At the halfway point of the more than 2,000-mile long Appalachian Trail, hikers stop to refresh with a half gallon of ice cream.
SCOTT DETROW, HOST:
Of the few thousand people who try to hike the Appalachian Trail from Georgia all the way to Maine each year, only about a quarter finish, so getting to the halfway point in Pennsylvania is a big deal. Rachel McDevitt from member station WITF takes us to the midpoint where hikers celebrate by eating a half-gallon of ice cream.

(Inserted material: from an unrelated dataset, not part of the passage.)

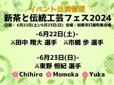 この度、6月22日(土)、23日(日)の二日間、加賀市打越町にて開催される【新茶と伝統工芸フェス2024】に選手、チアリーダーが参加いたしますのでお知らせいたします。

RACHEL MCDEVITT, BYLINE: Team on (ph).
UNIDENTIFIED PERSON: Boy.
MCDEVITT: Hikers are getting hyped up at the Pine Grove Furnace General Store, waiting for a fresh delivery of ice cream. So when it comes…
ALAN DWYER: Got to look at the ice cream. Look at it come by. You are the man. I’m going to hold the door for you. Hold on.
MCDEVITT: The delivery man is basically a celebrity. Inside the store, hikers jostle around the freezers.
YVETTE FURNIA: So French vanilla or regular vanilla? I’m going regular vanilla.
MCDEVITT: Alan Dwyer, who goes by Legoman on the trail, is wearing a camo bucket hat and a black kilt. He double-takes when he hears the record for the half-gallon challenge – 3 minutes and 37 seconds.
DWYER: I’ll do the challenge, but I’m not killing myself.
MCDEVITT: Outside on the porch, Dwyer digs in. He’s hiked 1,100 miles to get here, so this is a big moment.
DWYER: Absolutely. Probably more the symbolism than the ice cream, to be honest.
MCDEVITT: Yvette Furnia, a dark-haired woman with bright freckles whose trail name is Milkweed, is mixing up an improvised orange creamsicle.
FURNIA: You got to have a good flavor combo because it is just an exorbitant amount of food in one sitting to even attempt.
MCDEVITT: Neil “Happy Feet” Postal, a wiry 24-year-old, is already nearing success but feeling the effects.
NEIL POSTAL: I’ve felt better, honestly. I was feeling pretty ill after the first 1 1/2 quarts. But I just kind of sat down and smoked a couple cigarettes, and I felt fine.
MCDEVITT: It’s a warm day, and Dwyer’s bushy brown beard is dripping with cream. The maple-walnut flavor reminds him of growing up in New Hampshire.
DWYER: One of my wonderful childhood memories is getting sap from trees. The young me would order maple walnut.
MCDEVITT: Oh, no.
DWYER: My spoon just broke in half. There’s no video of this.
MCDEVITT: He pauses, then grips his new, smaller spoon.
DWYER: I will persist.
MCDEVITT: Each hiker has their own motivation for this trek. For Furnia, it’s about setting an example for her 8-year-old son.
FURNIA: And I think the biggest thing I always got from adults as a kid was not what they would tell you but the things that you saw them do – so the things that you saw them do that seemed extraordinary, like they were superheroes. Like, I’d want him to be proud of me. I want to be proud of me.
MCDEVITT: Dwyer has been writing hike the Appalachian Trail on his list of personal goals every year for the last 14. He says the hike is shifting his perception of what he really needs.
DWYER: Already this far, I wish I had taken more pictures of people and less pictures of the views. One of the trail tautologies is the views will always be there. The people won’t, and so take more pictures of people.
MCDEVITT: A thousand miles lies between this ice cream in Pennsylvania and the end of the trail in Maine. But for now, there’s no rush. This moment is for the hikers, not the hike. For NPR News, I’m Rachel McDevitt at the midpoint of the Appalachian Trail.